**** INPUT DATA

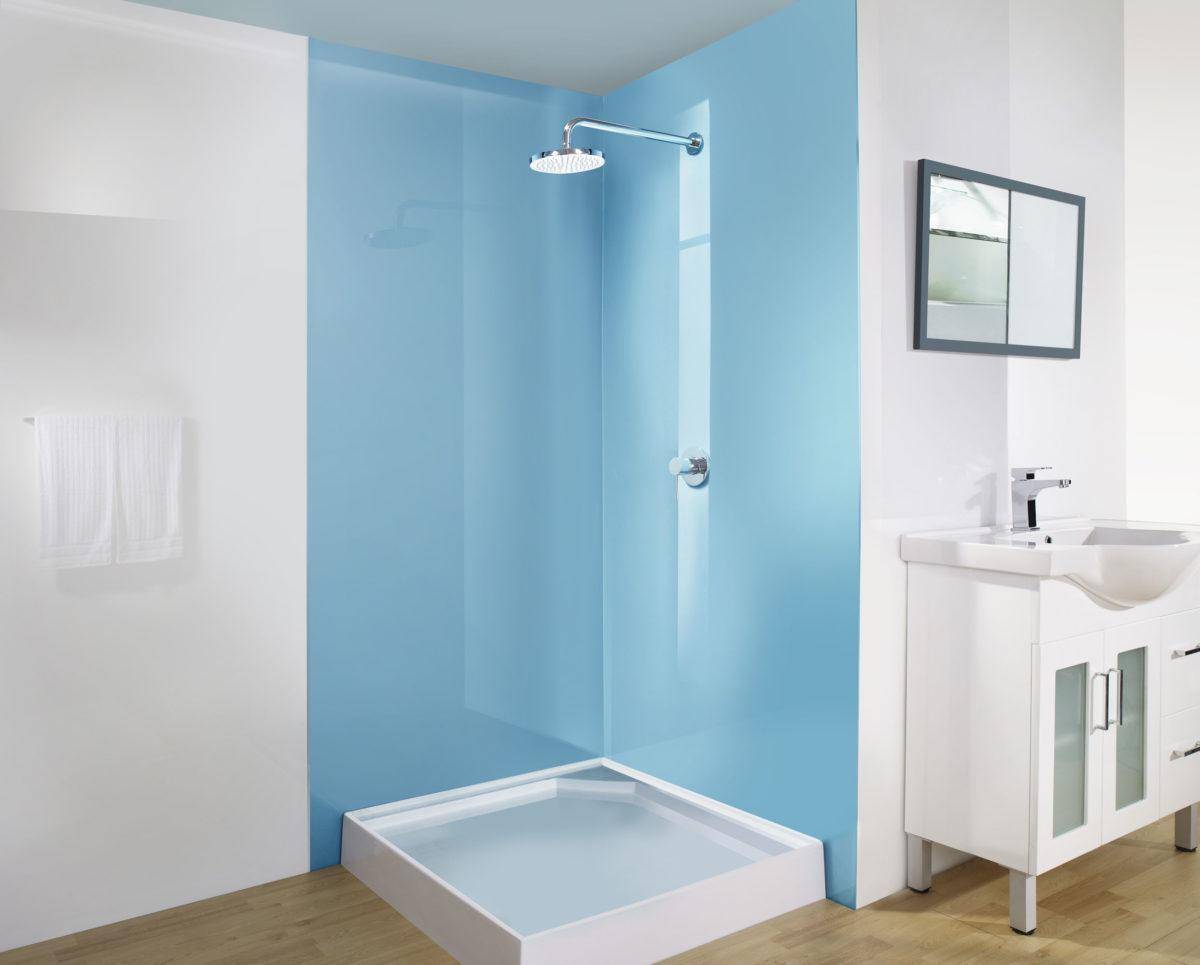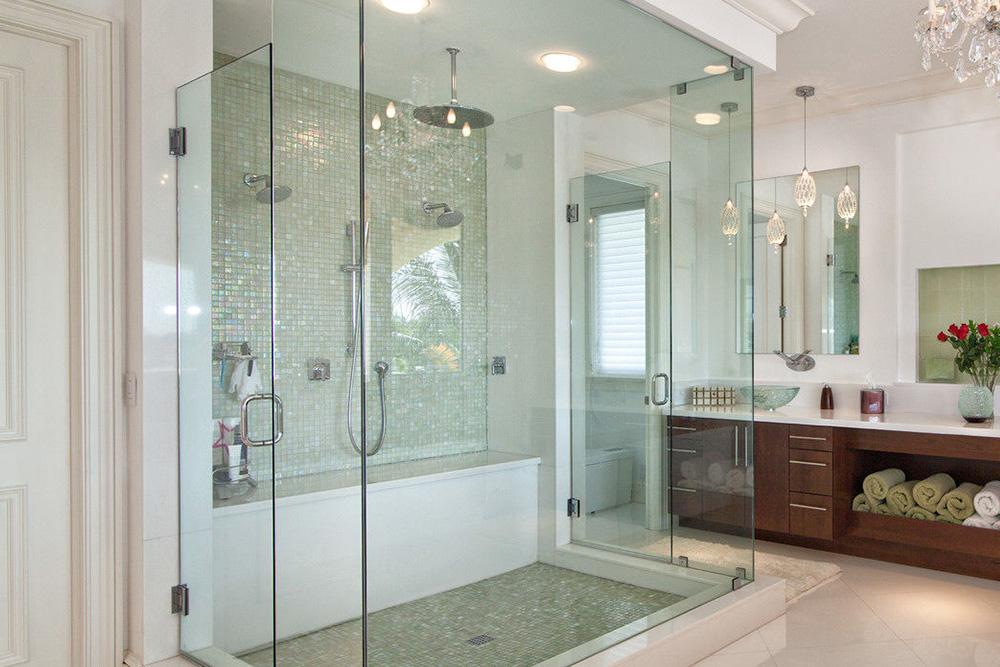 Если у вас в доме плохая вода(хлорка и много растворённых солей), то стекло для дверей и стен лучше брать черное. Можно и прозрачное и матовое тонированное. Изнутри оно будет всё в белых отложениях, зато снаружи будет не видно. Тонированное белое выглядит убого. Черное — норм.
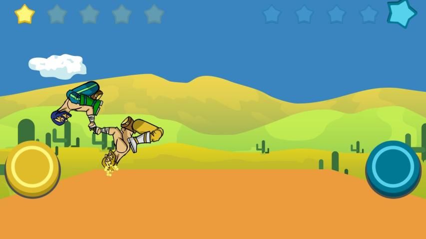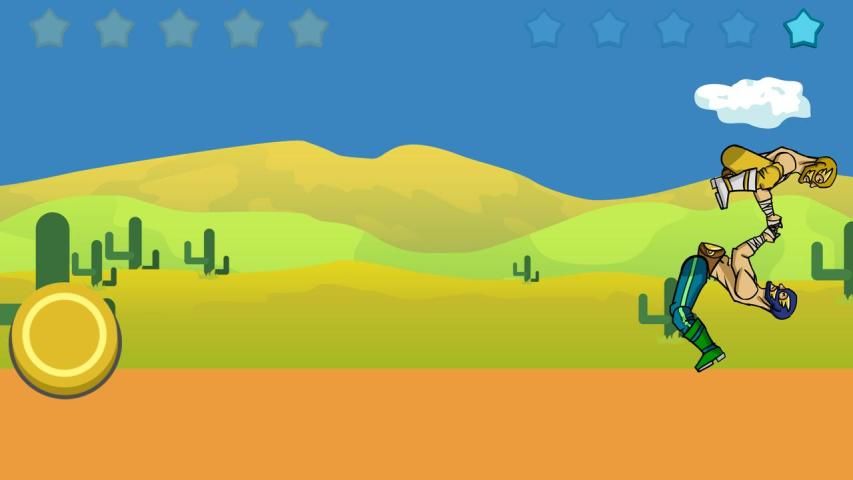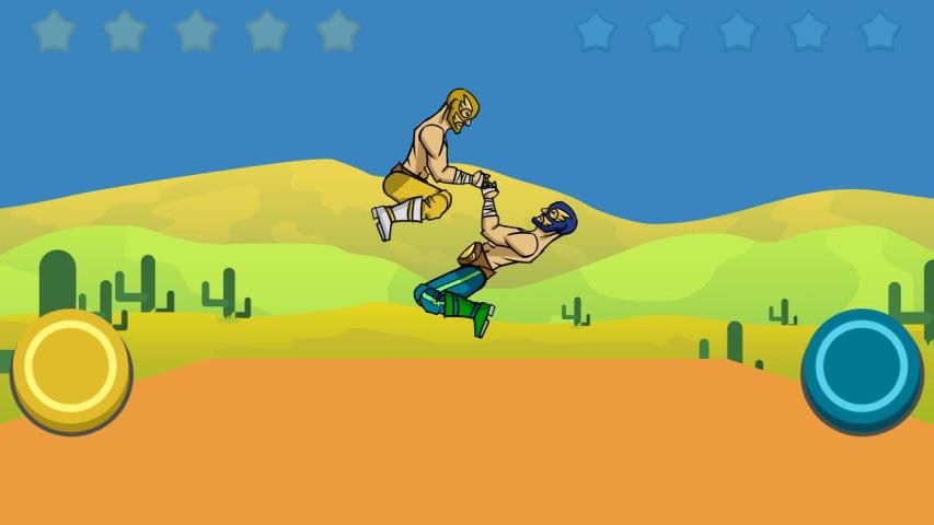 Press the buttons to move your legs. The funny point of this game is that two wrestlers can rollover in the air trying to use each chance to win. Jump and defeat your opponent, be the true wrestling champion. Play against computer or compete with your friend in player vs player mode.
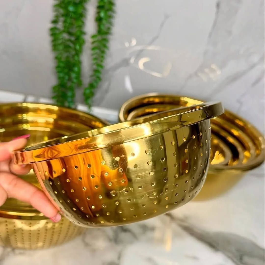 ست 12 عددی آبکش و لگن طلایی گرد لبه دار یونیک
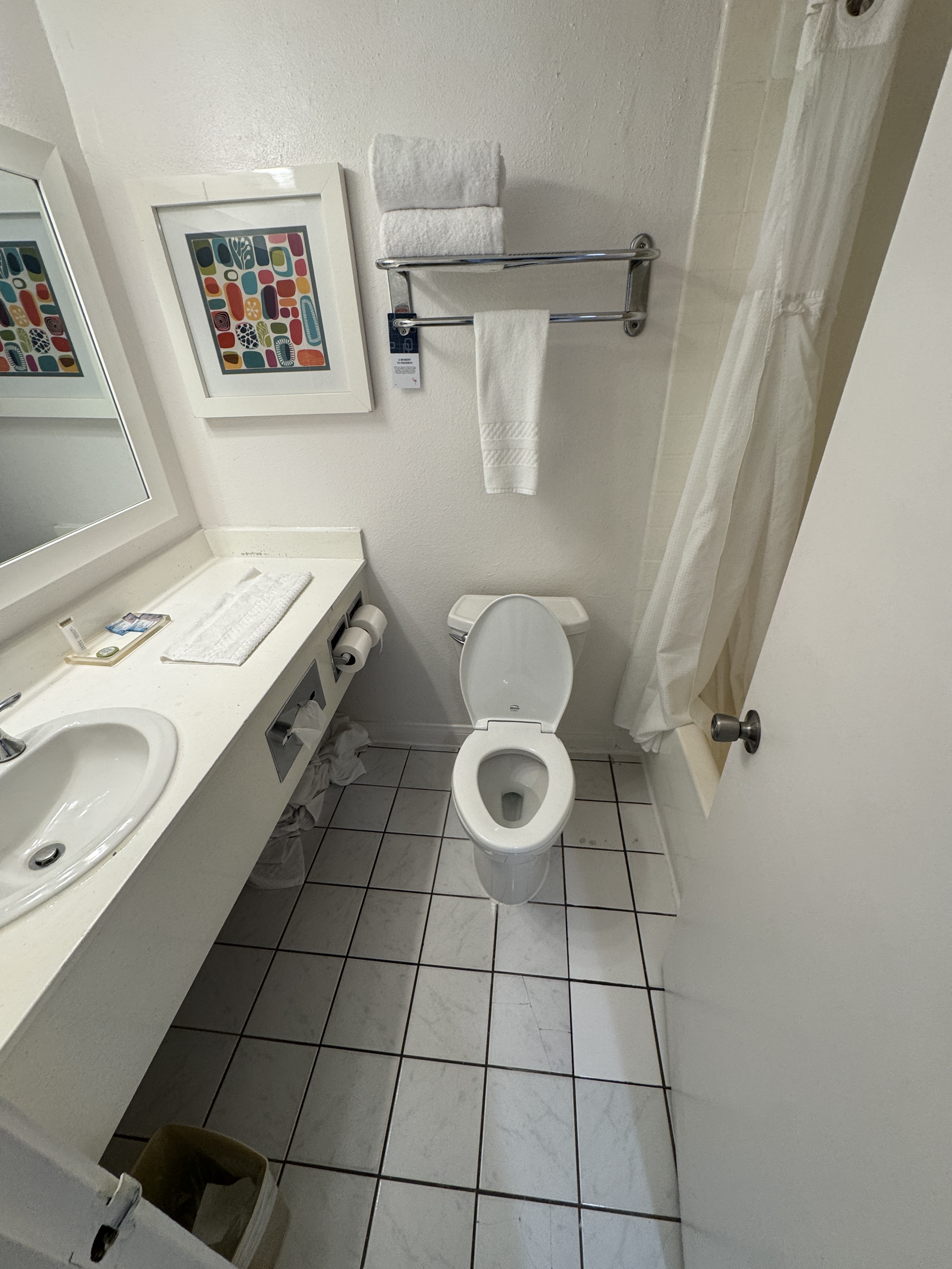 - Could use updates. As with the Fairfield, our bathroom is need of a full refurbishment. Tiles were cracked, grout was coming up, and paint was peeling on tiles. The door to the room also didn’t seal the best but it did have multiple layers of security which I always appreciate. Water temperature was sensitive.
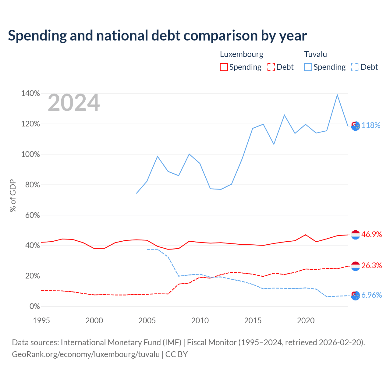 Luxembourg has $24.5B in government debt (26.3% of GDP), compared to $4.15M (6.96% of GDP) in Tuvalu.
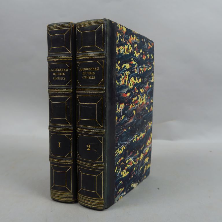 ROUSSEAU (Jean-Jacques). Œuvres choisies. Londres, s.n.e. s.d. 4 tomes en 2 vol. in-16. 1/2 veau ardoise, dos orné de caissons géométriques dor. (Rel. début XIXe s.). Jolie édition imprimée en petits caractères, illustrée de 5 figures h.-t. de Marillier. Elle comprend : – Le devin de village, Pygmalion, La reine fantasque, Discours qui a remporté le prix à l’Académie de Dijon en l’année 1750, Discours sur l’origine et les fondements de l’inégalité parmi les hommes, Discours sur l’économie politique, Lettres écrites de la Montagne, J.-J. Rousseau citoyen de Genève à M. d’Alembert sur son article Genève.
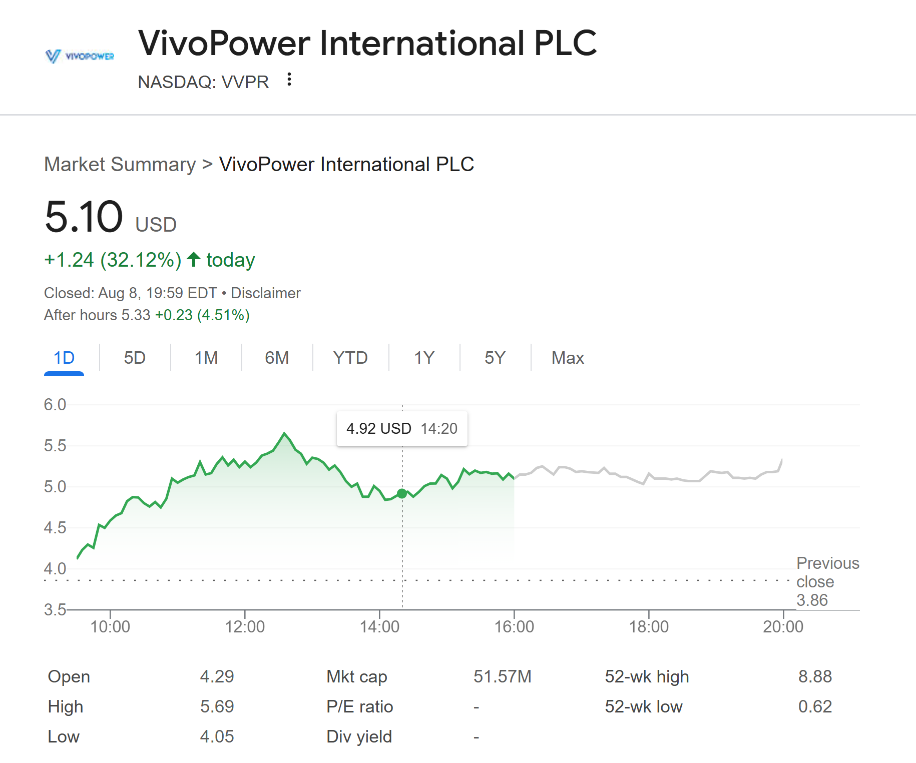 Shares of VivoPower, a solar power company listed on Nasdaq, surged by 32.12% to reach $5.10 on August 8, 2025. This increase was spurred by the company’s announcement to acquire $100 million worth of privately held Ripple Labs stock, aiming to expand its digital treasury strategy focused on XRP.

********

Your answer must be everything above from the line with "- Could use" down to the line with "Luxembourg has $24.5B", word for word, and no pictures.

* RESPONSE FOR THIS EXERCISE
 - Could use updates. As with the Fairfield, our bathroom is need of a full refurbishment. Tiles were cracked, grout was coming up, and paint was peeling on tiles. The door to the room also didn’t seal the best but it did have multiple layers of security which I always appreciate. Water temperature was sensitive.
 Luxembourg has $24.5B in government debt (26.3% of GDP), compared to $4.15M (6.96% of GDP) in Tuvalu.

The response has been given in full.